Running large language models locally has many benefits - it is better for privacy, eliminates cloud communication delays for real-time applications, and can reduce cloud computing costs. However, not everyone has the hardware resources needed to handle the large model sizes.
This had been solved with quantization (mapping a floating-point number to a lower-bit number). However, this can lead to a drop in accuracy (quantization error), and the other alternative, quantization-aware training requires more time to train.
The main proposed idea(s).
Activation-aware Weight Quantization is an approach for low-bit weight-only quantization. It reduces quantization error by taking advantage of the fact that not all weights are equally important, and skips quantization of important weights. The key idea is that important weights are chosen based on the activation distribution, since weight channels corresponding to larger activation magnitudes process more important features.

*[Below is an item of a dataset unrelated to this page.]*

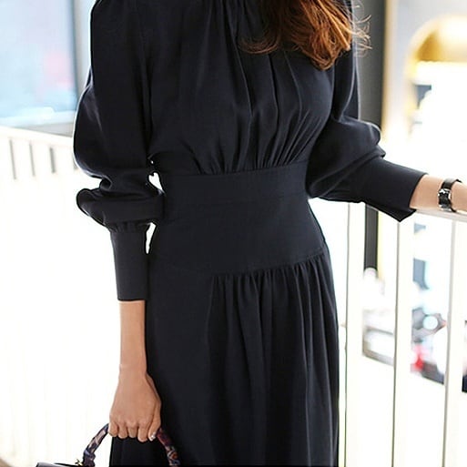 ワンピース ミモレ丈ワンピース 長袖 ハイネック パフスリーブ マトンスリーブ ウエストマーク ミモレ丈 かわいい 大人可愛い きれいめ シンプル おしゃれ かっこいい レトロ きちんと こなれ感 個性的 主役級 存在感 抜け感 オールシーズン ナチュラル ベーシック フォーマル エレガント 無地 レディース 女性用 OL 通勤 デート お出かけ お泊まりデート イベント 女子会 休日 カフェ ショッピング レストラン 旅行 リゾート コンパ パーティー 二次会 普段使い 着回し 脚長 S M L XL

AWQ ends up reducing the weight memory by 4 times, which is helpful since the generation stage is memory bound. Kernel fusion is also used to avoid memory transfers.
A summary of your understanding of different components of the proposed technique, e.g., the purpose of critical design choices.
These important/salient weight channels are scaled up (scaling is done per-channel) by searching for the optimal scaling that minimizes quantization error under full-weight quantization (all weights are quantized).
What are the technical drawbacks/limitations?
The efficiency gains from the theoretical AWQ algorithm are not guaranteed, because some speedups depend on hardware-specific (kernel) implementation.
How will you improve them?
This efficiency realization problem could be solved by developing hardware-specific standardized kernels that allow harnessing low-bit integer representations. Furthermore, a next step for this paper could be expanding beyond just weight activation, to KV cache and activation quantization. This could also be extended to dynamic quantization (per-token).